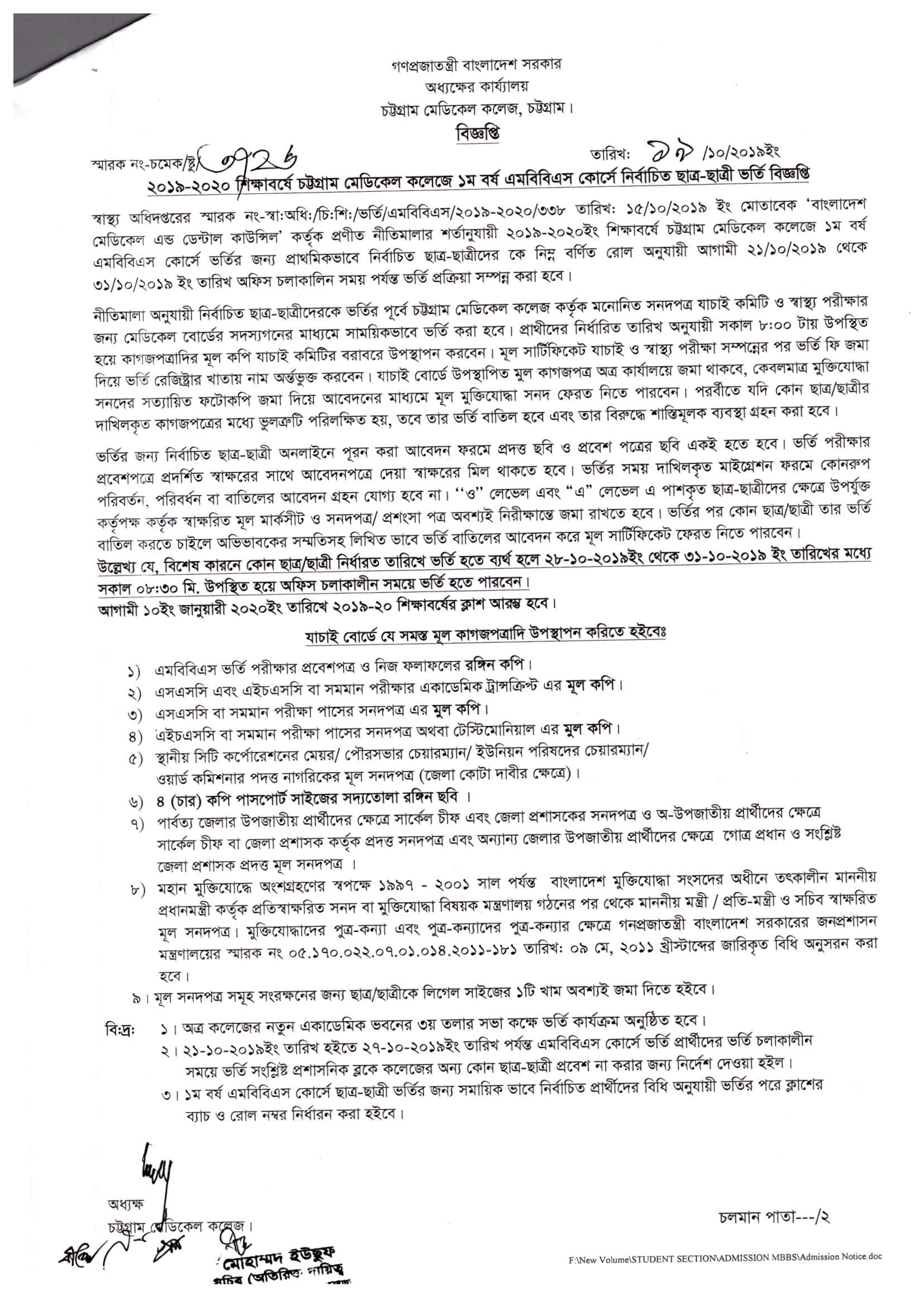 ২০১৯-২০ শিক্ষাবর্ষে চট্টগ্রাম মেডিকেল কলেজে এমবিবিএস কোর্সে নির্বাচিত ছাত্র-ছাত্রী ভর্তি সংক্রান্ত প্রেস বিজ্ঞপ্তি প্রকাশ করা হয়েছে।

* * *

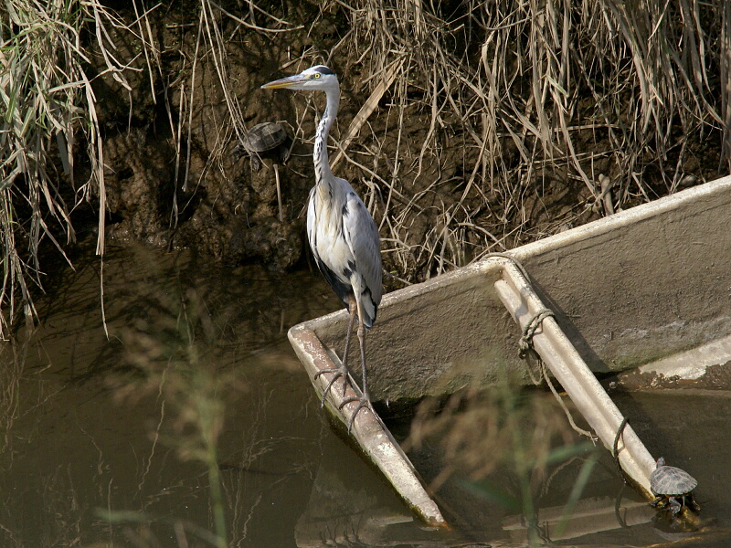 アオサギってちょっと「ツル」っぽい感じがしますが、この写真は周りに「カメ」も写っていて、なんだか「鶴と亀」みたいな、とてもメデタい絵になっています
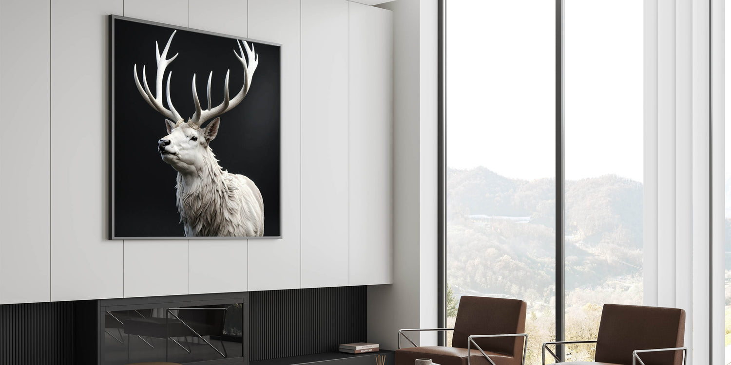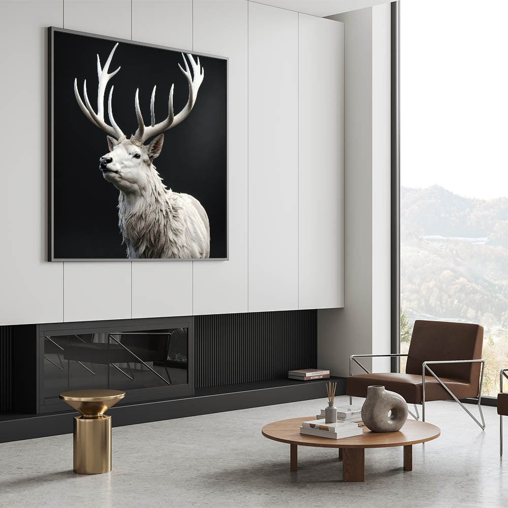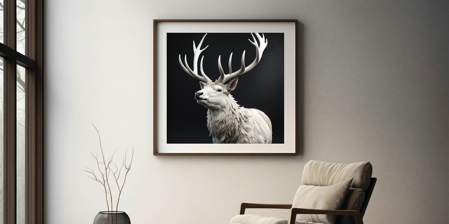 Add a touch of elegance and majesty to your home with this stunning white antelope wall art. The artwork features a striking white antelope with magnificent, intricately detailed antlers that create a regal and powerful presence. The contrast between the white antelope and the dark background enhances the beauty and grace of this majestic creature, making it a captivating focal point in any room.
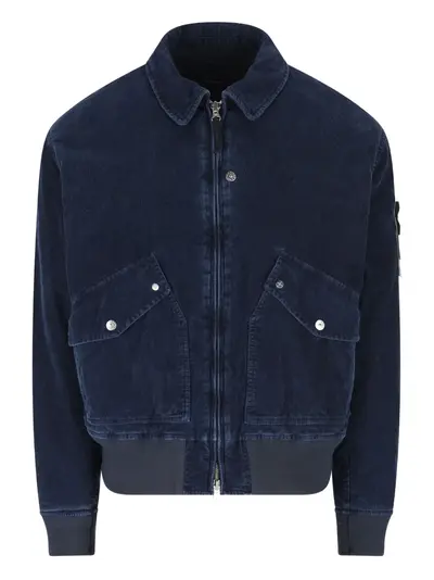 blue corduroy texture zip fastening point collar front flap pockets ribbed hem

■ WHAT TO PRODUCE ■
Set down again, word for word, every line from the one with "Add a touch" to the one with "blue corduroy texture" in the entries above, and omit the pictures.

■ WORKED SOLUTION ■
 Add a touch of elegance and majesty to your home with this stunning white antelope wall art. The artwork features a striking white antelope with magnificent, intricately detailed antlers that create a regal and powerful presence. The contrast between the white antelope and the dark background enhances the beauty and grace of this majestic creature, making it a captivating focal point in any room.
 blue corduroy texture zip fastening point collar front flap pockets ribbed hem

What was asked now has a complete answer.